HOW TO TRAIN AROUND AN INJURY

Being injured is never fun. You’re in pain, you’re inconvenienced and perhaps most annoying of all, you cannot workout like you’re used to.

However, with a little creativity, there are still many ways to get in an effective workout and make progress in other ways.

See it as a challenge for yourself. Getting injured does not have to mean the end of your fitness goals. There’s no need to become a couch potato, throw your diet out the window, and cancel your gym membership.

Take advantage of movements that are pain-free. First and foremost, listen to your doctor. Unless you have strict orders not to perform any physical activity, chances are there are still some body parts that you can work. Hiring a personal trainer would be your safest option when training with an injury. Your personal trainer will advise you on the do’s and don’ts and will provide you with plenty alternatives.

For example, if you have an injured knee, which happens to be quite common, there are still many other lower body exercises that involve little to no knee flexion.
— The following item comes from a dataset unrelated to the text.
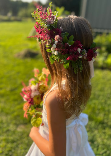 Let us help draft a harmonious blend of vibrant red roses and delicate purple flowers, or fluffy lavender lisianthus and textural celosia to complement your big day. we will expertly arrange a piece to create a striking visual impact in coordination with your color palette.

Here are a few exercises you could do with a knee injury:

- Romanian deadlift

- Back extension

- Hip abduction movements

- Cable pull throughs

- All upper body exercises

In essence, all straight leg hip dominant exercises and upper body exercises.

Now might be the chance to determine a new training goal. Perhaps you injured your hip while squatting, which is total bummer. But see it as a challenge to develop parts of your body that you might not have paid the most attention to. Your training program can always be modified. General rule of thumb: If it hurts, don’t do it.

Attitude is everything. Stop feeling sorry for yourself and make the most of what you’ve got. Nobody plans on getting injured, but you can definitely be proactive and do what you can with what you have.